* What to produce
Since the records include pictures, leave those out while you reproduce exactly and only the lines from the one containing "spraying, schablone/stencil, plastic" through the one containing "encimera con faldón, doble", inclusive.

*** Opening Extracted records ***

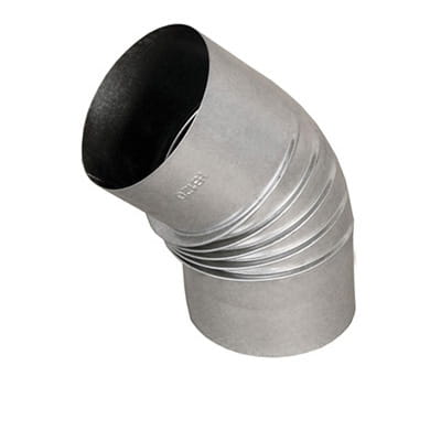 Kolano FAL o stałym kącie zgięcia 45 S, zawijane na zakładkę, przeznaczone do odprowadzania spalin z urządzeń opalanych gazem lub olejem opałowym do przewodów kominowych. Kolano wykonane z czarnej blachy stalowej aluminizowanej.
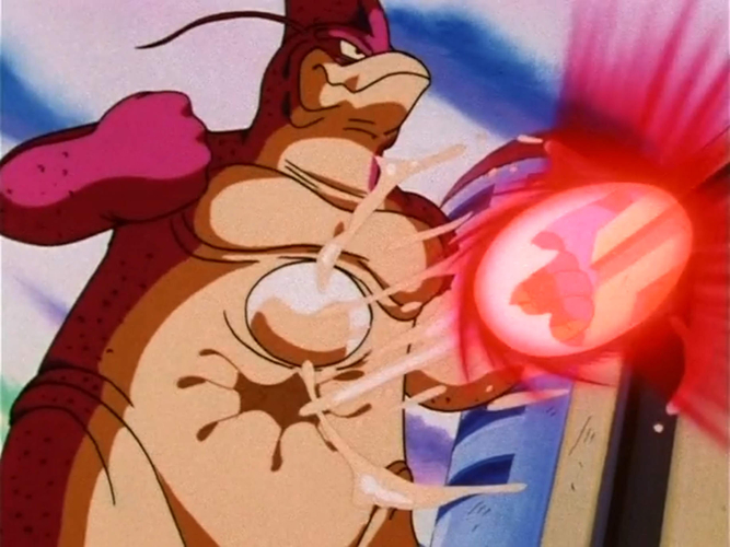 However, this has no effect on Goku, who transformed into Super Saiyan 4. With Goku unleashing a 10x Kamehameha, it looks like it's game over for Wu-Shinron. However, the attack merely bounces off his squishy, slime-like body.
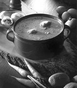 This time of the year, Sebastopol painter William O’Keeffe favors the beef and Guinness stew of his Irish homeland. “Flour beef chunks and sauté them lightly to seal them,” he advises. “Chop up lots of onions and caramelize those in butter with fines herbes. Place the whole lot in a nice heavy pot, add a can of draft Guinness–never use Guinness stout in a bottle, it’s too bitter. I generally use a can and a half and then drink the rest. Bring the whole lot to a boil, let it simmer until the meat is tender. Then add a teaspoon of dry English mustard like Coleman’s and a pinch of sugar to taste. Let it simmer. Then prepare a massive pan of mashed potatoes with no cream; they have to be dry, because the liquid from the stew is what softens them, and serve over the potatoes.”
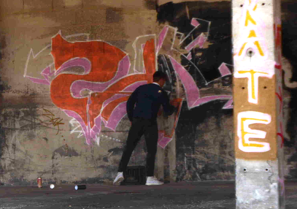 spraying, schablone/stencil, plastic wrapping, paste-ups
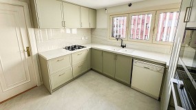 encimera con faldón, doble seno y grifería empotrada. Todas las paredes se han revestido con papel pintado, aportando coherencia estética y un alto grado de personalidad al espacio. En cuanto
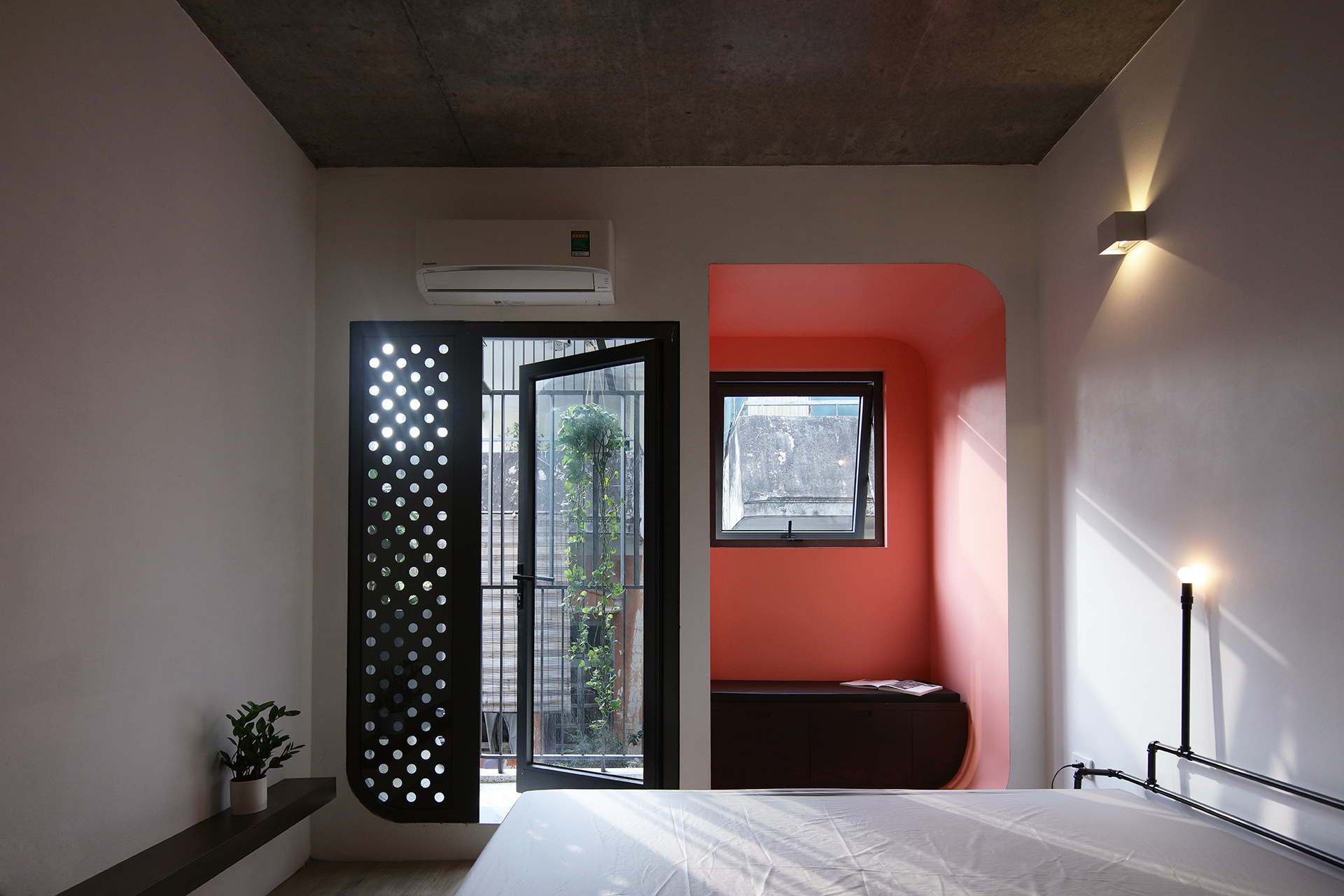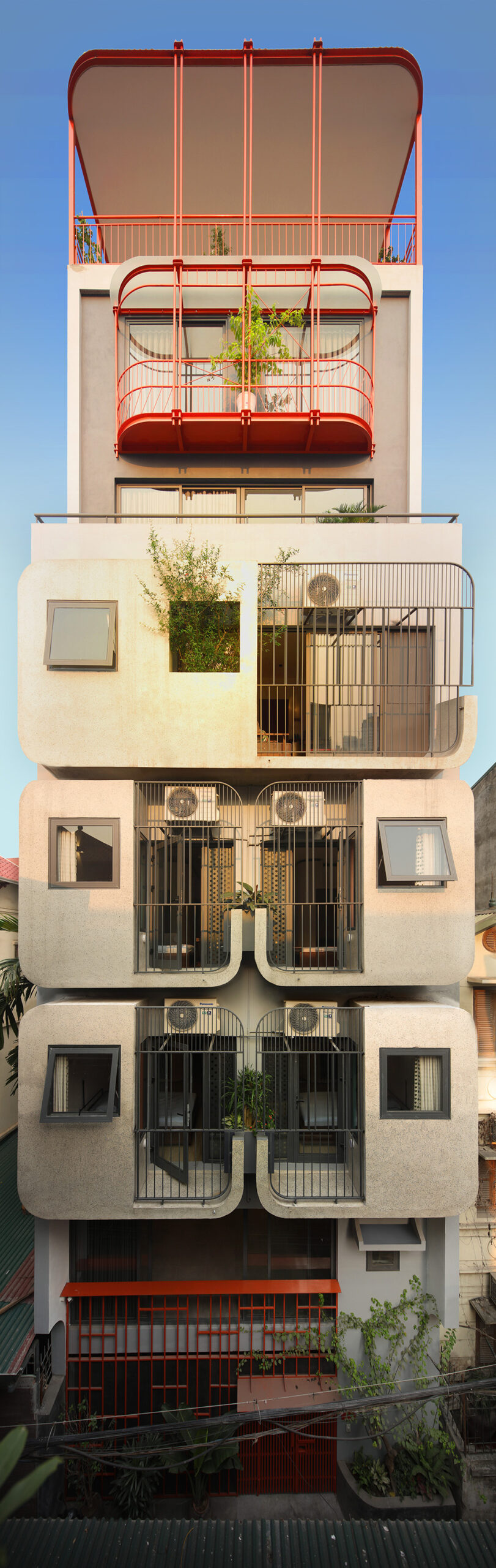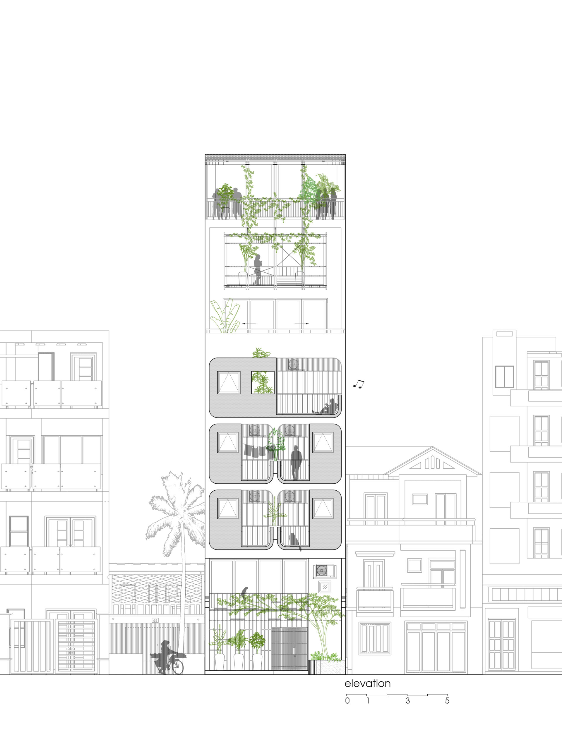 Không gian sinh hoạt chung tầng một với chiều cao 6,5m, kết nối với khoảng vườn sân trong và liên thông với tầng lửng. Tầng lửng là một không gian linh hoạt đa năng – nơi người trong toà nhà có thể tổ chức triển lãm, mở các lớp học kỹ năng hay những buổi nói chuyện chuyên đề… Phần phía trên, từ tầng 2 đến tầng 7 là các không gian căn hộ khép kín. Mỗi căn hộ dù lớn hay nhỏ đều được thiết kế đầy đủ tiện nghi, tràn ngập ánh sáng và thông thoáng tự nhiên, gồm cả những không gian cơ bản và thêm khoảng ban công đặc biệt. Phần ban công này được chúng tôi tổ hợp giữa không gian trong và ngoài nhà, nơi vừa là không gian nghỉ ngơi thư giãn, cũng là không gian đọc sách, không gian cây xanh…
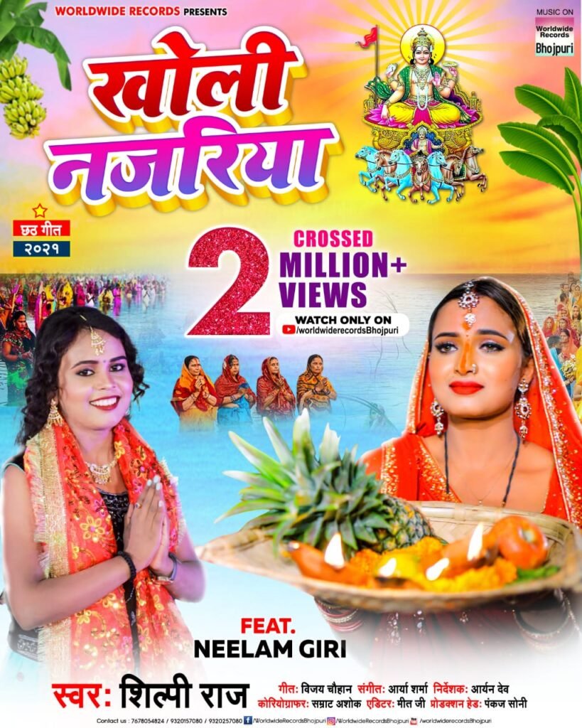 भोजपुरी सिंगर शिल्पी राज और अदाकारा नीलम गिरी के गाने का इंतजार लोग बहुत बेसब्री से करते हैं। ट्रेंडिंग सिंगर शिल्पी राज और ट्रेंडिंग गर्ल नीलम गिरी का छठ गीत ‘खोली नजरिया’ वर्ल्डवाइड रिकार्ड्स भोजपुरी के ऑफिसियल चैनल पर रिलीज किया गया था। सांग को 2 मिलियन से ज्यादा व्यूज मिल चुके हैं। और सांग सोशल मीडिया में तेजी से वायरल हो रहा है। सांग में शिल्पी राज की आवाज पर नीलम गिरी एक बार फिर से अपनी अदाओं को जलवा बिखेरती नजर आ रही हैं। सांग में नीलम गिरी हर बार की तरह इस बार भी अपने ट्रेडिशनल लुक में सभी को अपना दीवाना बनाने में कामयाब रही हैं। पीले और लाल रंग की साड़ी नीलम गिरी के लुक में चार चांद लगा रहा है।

*** Closing Extracted records ***

* Answer for the task
 spraying, schablone/stencil, plastic wrapping, paste-ups
 encimera con faldón, doble seno y grifería empotrada. Todas las paredes se han revestido con papel pintado, aportando coherencia estética y un alto grado de personalidad al espacio. En cuanto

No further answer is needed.